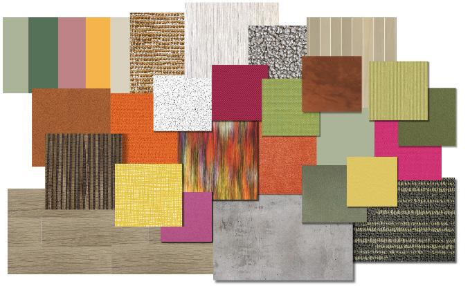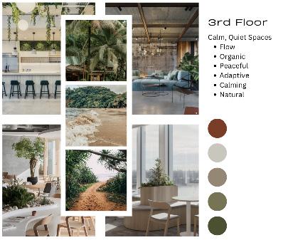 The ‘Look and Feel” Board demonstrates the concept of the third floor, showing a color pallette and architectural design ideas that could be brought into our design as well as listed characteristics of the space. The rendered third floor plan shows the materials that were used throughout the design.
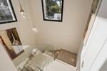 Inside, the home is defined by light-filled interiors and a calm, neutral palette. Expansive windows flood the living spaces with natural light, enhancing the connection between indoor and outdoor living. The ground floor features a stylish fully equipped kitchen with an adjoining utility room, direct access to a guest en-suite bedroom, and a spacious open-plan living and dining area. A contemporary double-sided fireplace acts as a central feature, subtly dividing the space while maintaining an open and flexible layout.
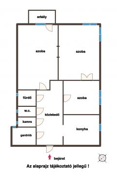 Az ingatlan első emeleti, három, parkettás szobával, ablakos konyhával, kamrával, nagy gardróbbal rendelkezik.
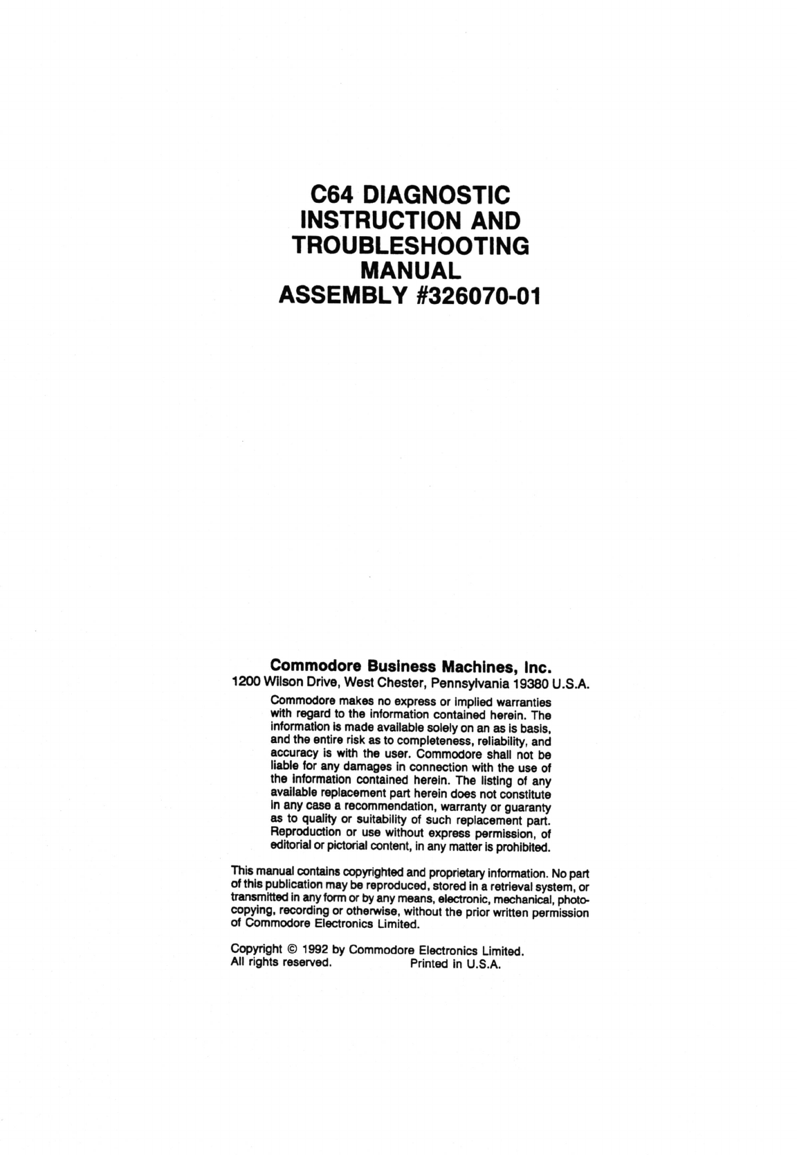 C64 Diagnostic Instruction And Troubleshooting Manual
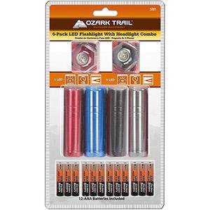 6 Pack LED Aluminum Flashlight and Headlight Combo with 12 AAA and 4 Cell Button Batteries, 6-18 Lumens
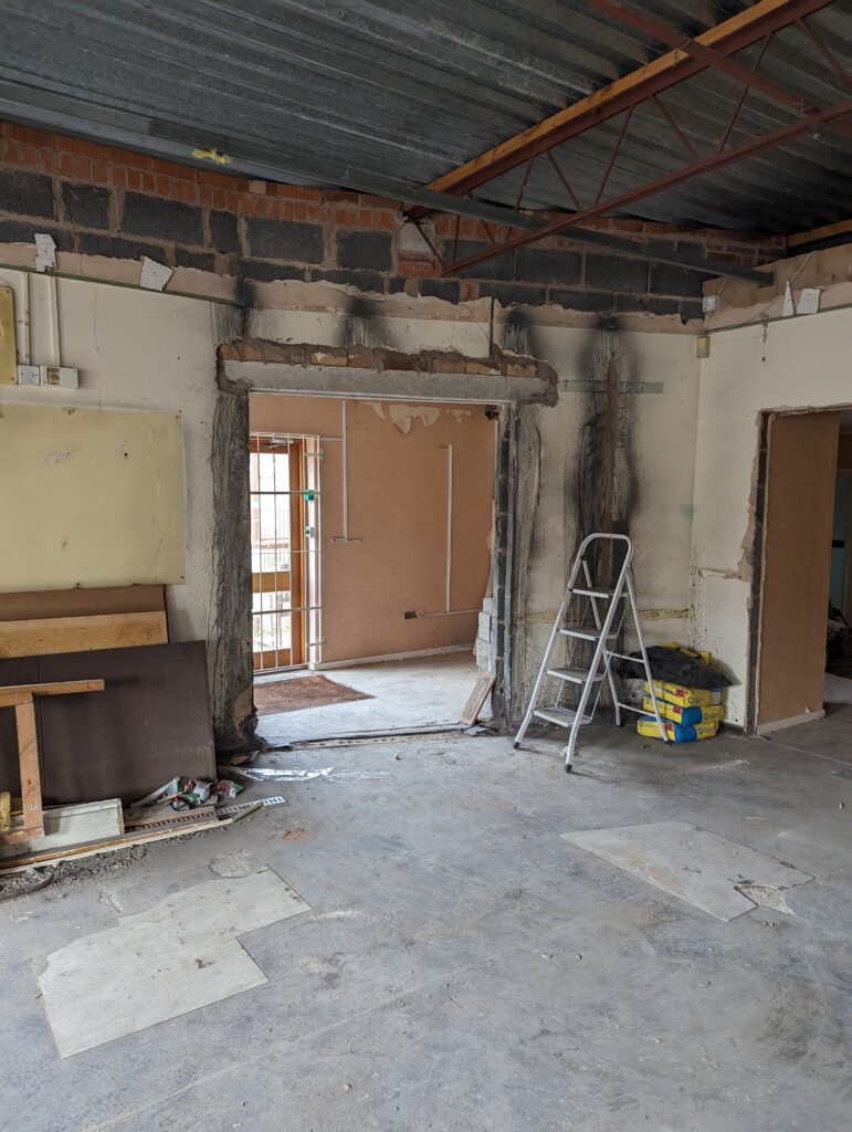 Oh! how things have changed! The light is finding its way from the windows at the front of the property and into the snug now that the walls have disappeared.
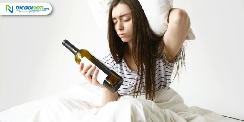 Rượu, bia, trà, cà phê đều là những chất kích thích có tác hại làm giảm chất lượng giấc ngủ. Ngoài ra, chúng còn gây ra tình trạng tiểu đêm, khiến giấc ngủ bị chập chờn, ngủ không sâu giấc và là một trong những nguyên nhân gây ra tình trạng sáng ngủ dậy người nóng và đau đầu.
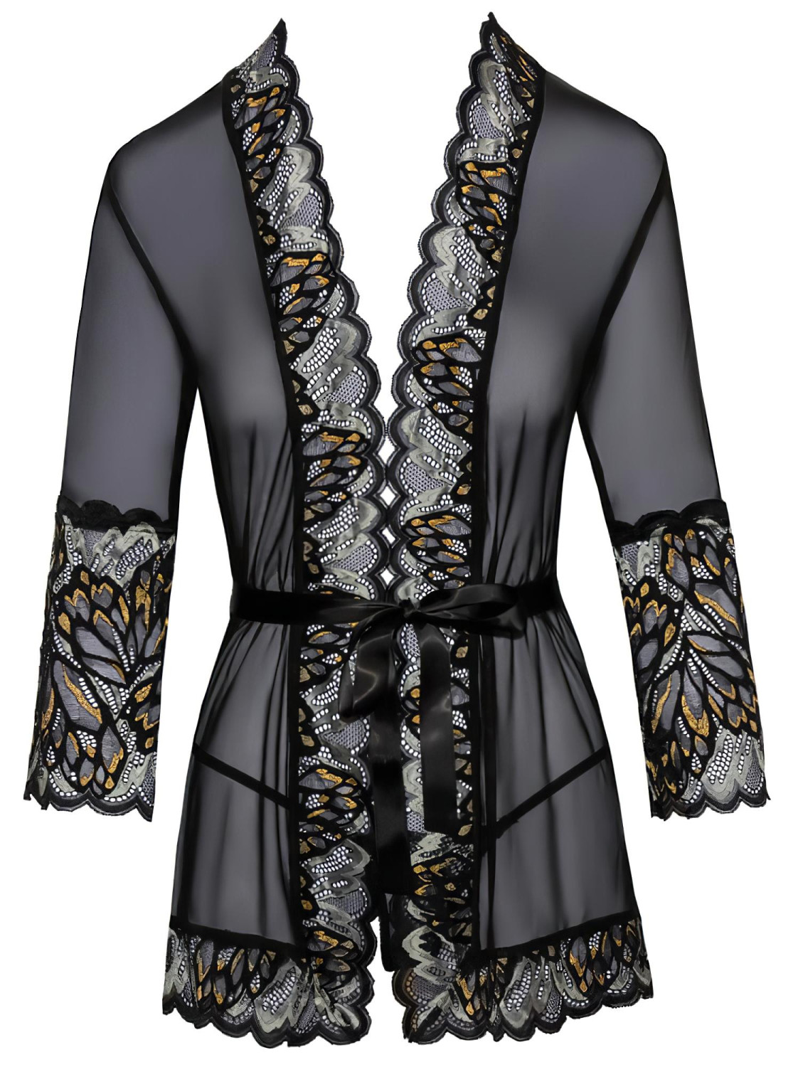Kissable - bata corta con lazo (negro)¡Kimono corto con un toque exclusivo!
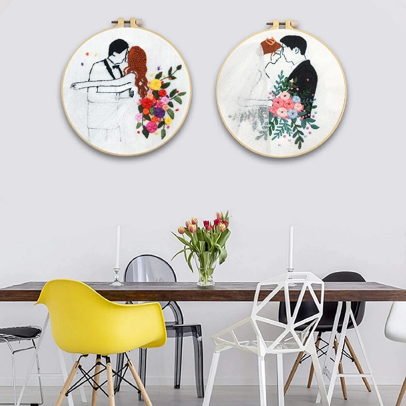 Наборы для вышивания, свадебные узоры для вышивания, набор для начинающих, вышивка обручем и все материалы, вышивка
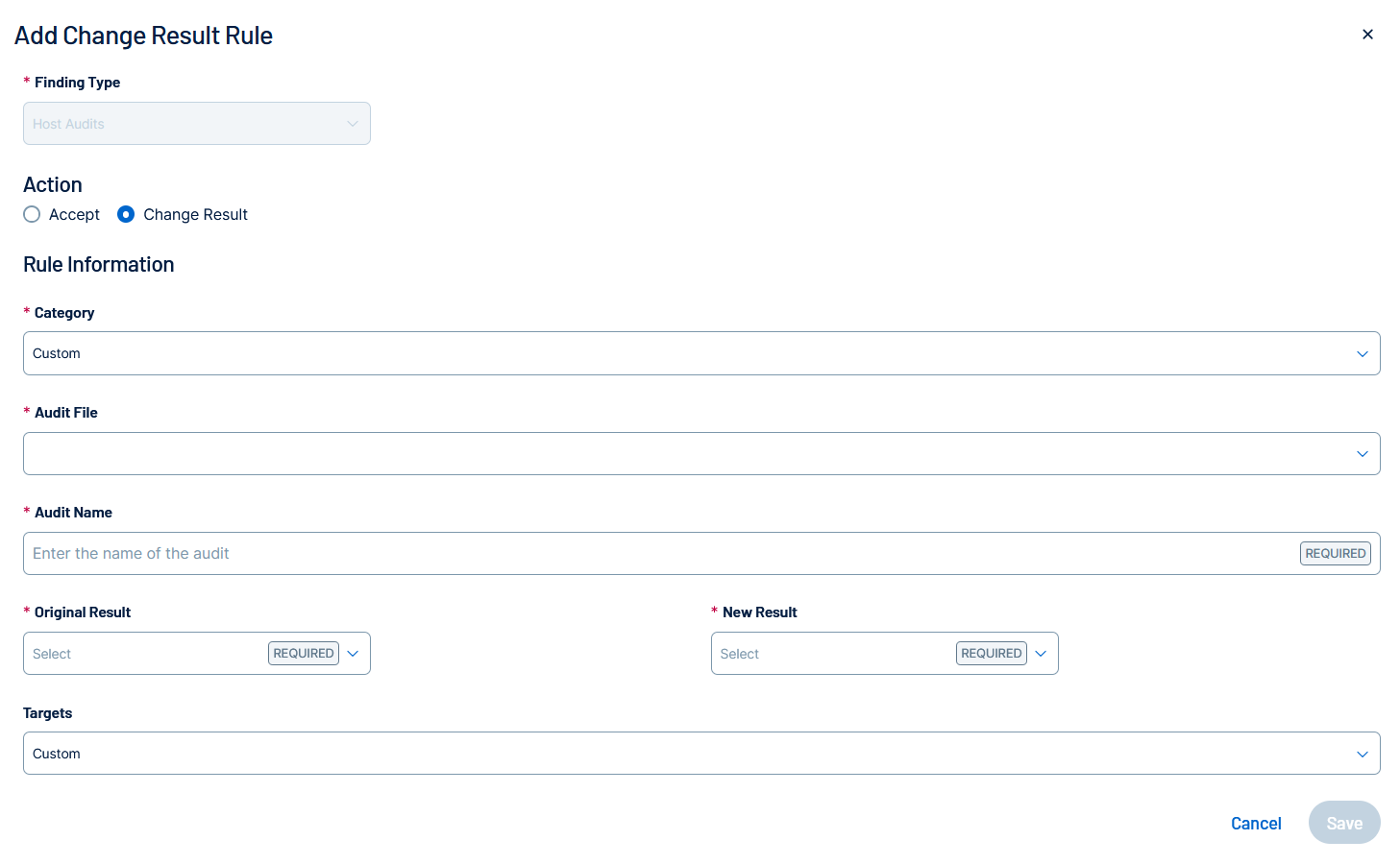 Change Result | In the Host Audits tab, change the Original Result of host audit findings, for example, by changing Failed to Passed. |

* What you should do
The lines from the start of the records above through the line that holds "Наборы для вышивания, свадебные" are to be copied exactly, both ends included, and no pictures are to be copied.

* Answer to the problem
 The ‘Look and Feel” Board demonstrates the concept of the third floor, showing a color pallette and architectural design ideas that could be brought into our design as well as listed characteristics of the space. The rendered third floor plan shows the materials that were used throughout the design.
 Inside, the home is defined by light-filled interiors and a calm, neutral palette. Expansive windows flood the living spaces with natural light, enhancing the connection between indoor and outdoor living. The ground floor features a stylish fully equipped kitchen with an adjoining utility room, direct access to a guest en-suite bedroom, and a spacious open-plan living and dining area. A contemporary double-sided fireplace acts as a central feature, subtly dividing the space while maintaining an open and flexible layout.
 Az ingatlan első emeleti, három, parkettás szobával, ablakos konyhával, kamrával, nagy gardróbbal rendelkezik.
 C64 Diagnostic Instruction And Troubleshooting Manual
 6 Pack LED Aluminum Flashlight and Headlight Combo with 12 AAA and 4 Cell Button Batteries, 6-18 Lumens
 Oh! how things have changed! The light is finding its way from the windows at the front of the property and into the snug now that the walls have disappeared.
 Rượu, bia, trà, cà phê đều là những chất kích thích có tác hại làm giảm chất lượng giấc ngủ. Ngoài ra, chúng còn gây ra tình trạng tiểu đêm, khiến giấc ngủ bị chập chờn, ngủ không sâu giấc và là một trong những nguyên nhân gây ra tình trạng sáng ngủ dậy người nóng và đau đầu.
Kissable - bata corta con lazo (negro)¡Kimono corto con un toque exclusivo!
 Наборы для вышивания, свадебные узоры для вышивания, набор для начинающих, вышивка обручем и все материалы, вышивка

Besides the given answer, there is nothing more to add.